Age jokes
My girlfriend called me a pedophile. That's a big word for a six-year-old.
A prisoner dug out of prison. He appeared in a playground. He said, "I'm free, I'm free!" A kid said, "So what? I'm four."
Why did the 18-year-old girl need a ladder to go to school?
Because it was High School.
What did the pirate say on his 80th birthday?
*Aye, Matey!*
I dated a lot of girls before I married my wife. I was living with one of them when I arrived home one day to find her bags packed and next to the door. I asked her, "Baby, what's going on?" She said, "I'm leaving you."
"But why?" I replied.
"Because you're a pedophile!" she answered.
"That's a pretty big word for a six-year-old," I said.
What's the most between my uncle and aunt?
My aunt waited until I was 14 to come on my face.
I like my women like I like my scotch:
12 years old and mixed with coke.
"Let girls live" is 9 years old, OMG, right?
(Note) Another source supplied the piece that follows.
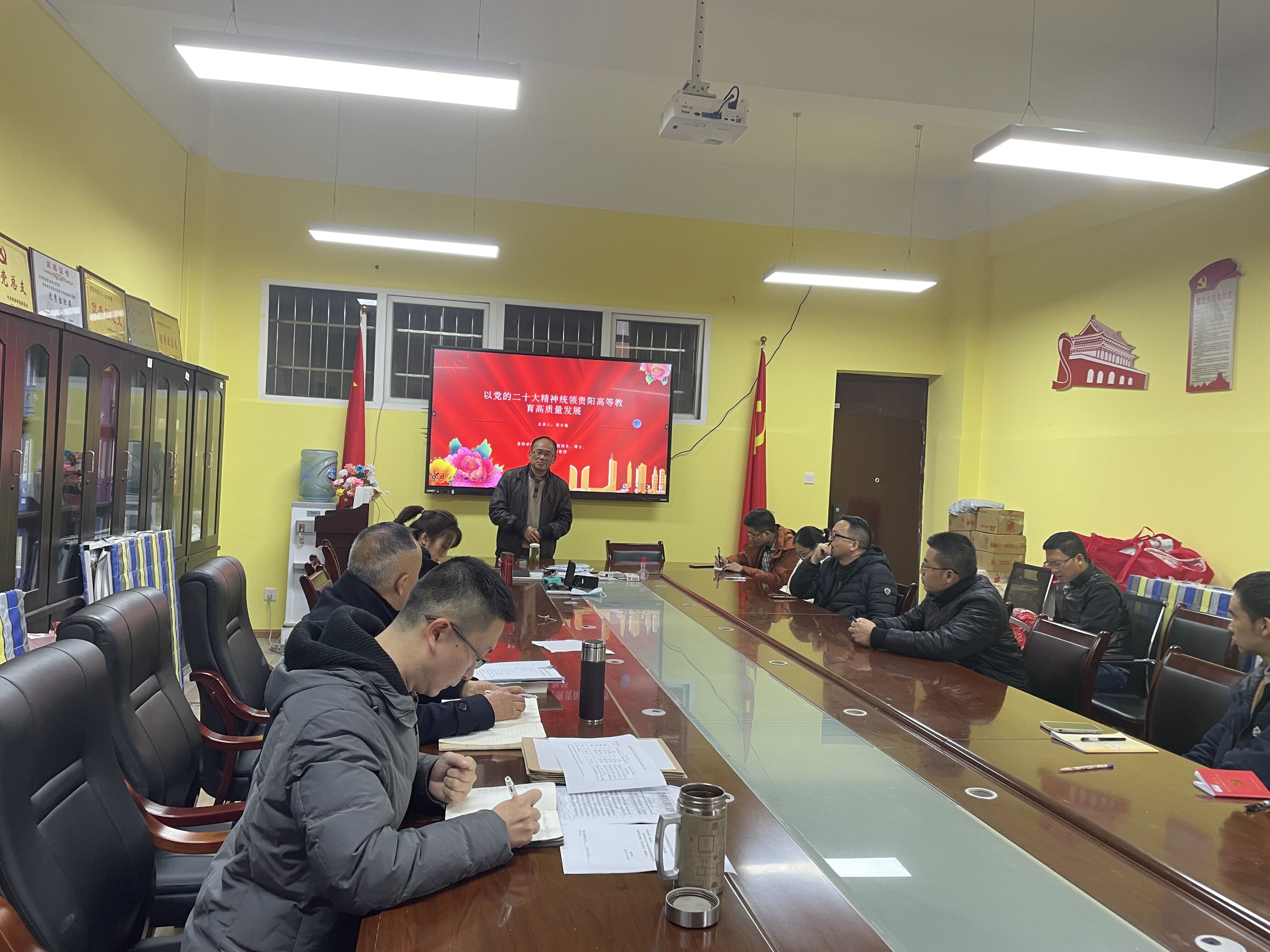 周术槐从党的二十大召开的时代背景、参会代表结构、会议主题、主体内容、主要创新点、引发的强烈反响及以党的二十大精神统领贵阳高等教育高质量发展七个方面对党的二十大精神进行了全面系统的解读。化材学院教师表示,听取周术槐的宣讲后,再一次加深了对党的二十大精神理解,对将来学校高质量发展充满信心。

I hate my birthday. For my first birthday my mom gave me my life. I liked it when it was new and fun. Now it's broken and sad and I wanna take it back.
When I go to weddings, old people will tell me I'm next, but when I go to funerals, I tell old people they're next.
Michael has canceled his upcoming dates. They were Tommy, age 9, and Bobby, 11.
My girlfriend said I was a ped0phi1e.
That's a big word for a 6 year old!
Why is the last part of orphanage "age?"
Because it doesn't matter your age.
How do you check that a rabbit is old?
You check how many gray hares it has.
I told my wife she was drawing her eyebrows too high.
She looked at me surprised.
(P.S. I am not at that age plus I am as straight as a helix ruler.)
These are bee puns.🐝
I BEElieve you are eager to hear!🐝
I love to BEE a little 9 years old writing on this page.🐝
(Last one) I want to BEEcome a BEE. ;-; I kid... Like this now and please Subscribe to Kelly Qin on YouTube and she is my mom and she has a bake channel!
What is the best part about having sex with 43 year olds?
There are 40 of them.
What does an eighty-year-old woman have in between her boobs that a twenty-year-old woman doesn't?
A belly button.
🚘 What is as old as the earth 🌎 and new every month? The moon.
Your hairline goes sooooo far back that dinosaurs exist on it.